In January 1943, Kennedy-Skipton escaped to Free China leaving his wife and two children in occupied Hong Kong until they were repatriated to the United Kingdom following liberation on the MV Highland Monarch, arriving in Southampton on 9 November 1945, while George Stacey returned in Hong Kong in 1947. He defended himself in a private enquiry in 1948. A newspaper criticised the fact that the enquiry was held behind closed doors under the title of "The Strange Case of Mr. Kennedy-Skipton". He went on to the Court of Appeal which dismissed his case in 1951.

Kennedy-Skipton remained in Hong Kong and taught at Diocesan Boys School and later St Joan of Arc private school. He ran in the 1952 Urban Council election but failed to win a seat. He was a member of the executive committee of the Democratic Self-Government Party of Hong Kong, the first political party calling for self-government and Hong Kong independence.

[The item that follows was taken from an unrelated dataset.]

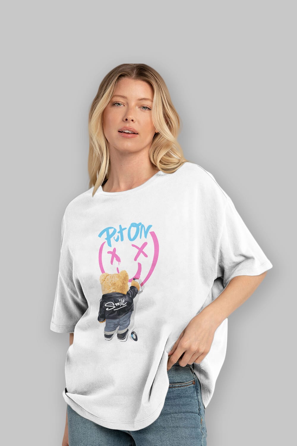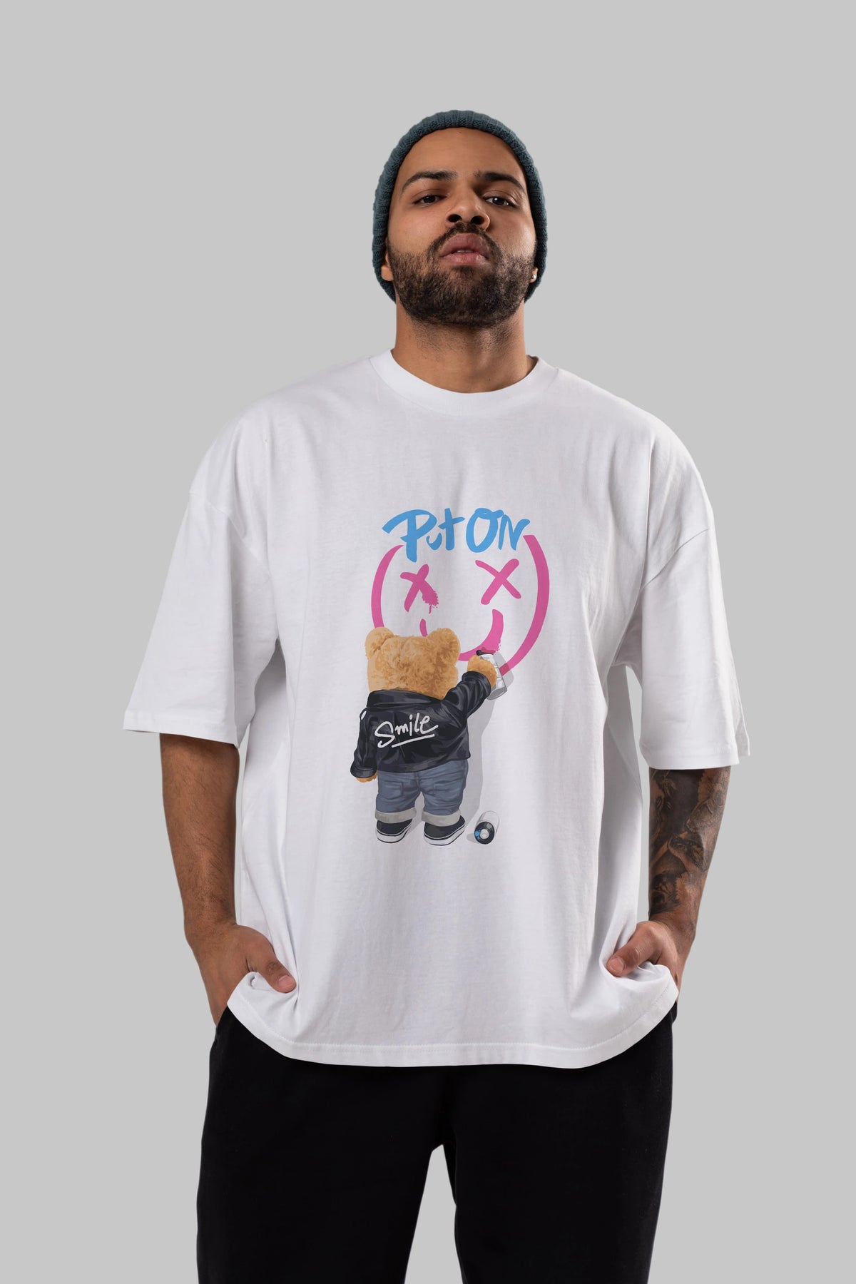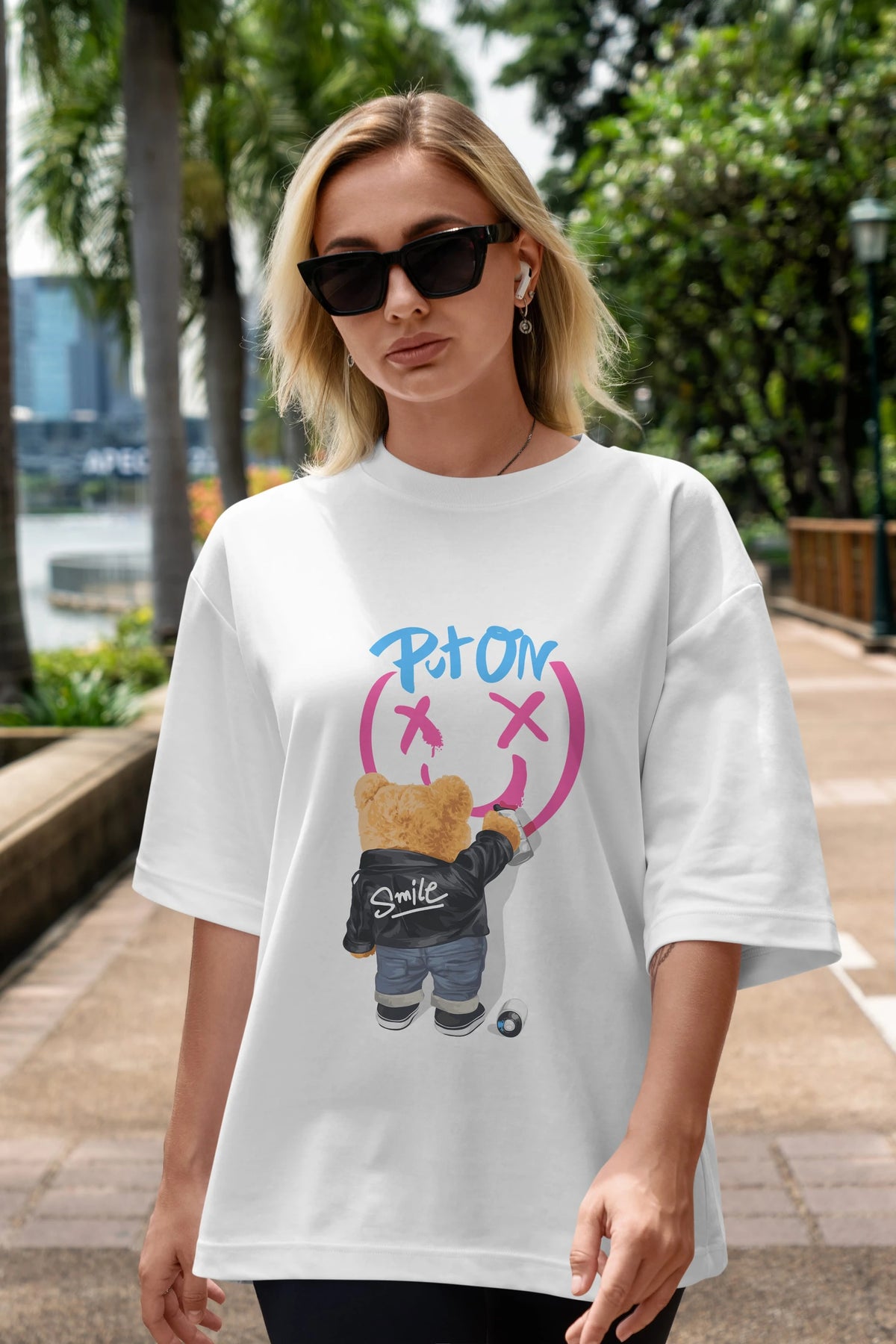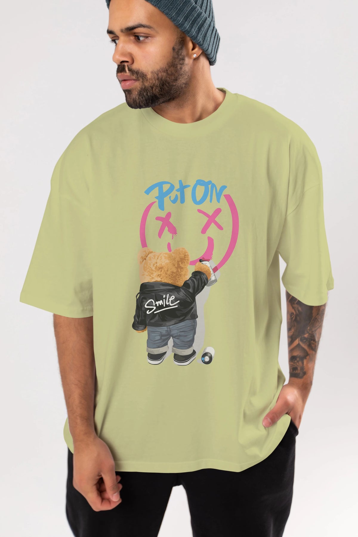 Put on Smile Bear Ön Baskılı Oversize t-shirt Erkek Kadın Unisex

In 1964, he formed the Labour Party of Hong Kong with other Democratic Self-Government Party members such as Tang Hon-tsai and K. Hopkin-Jenkins, a socialist party which called for self-government and common ownership, and became the party secretary. He ran again in the 1967 Urban Council election for the Labour Party and was again not elected. He returned to the United Kingdom in the 1970s and died in Scotland in 1982 at the age of 84.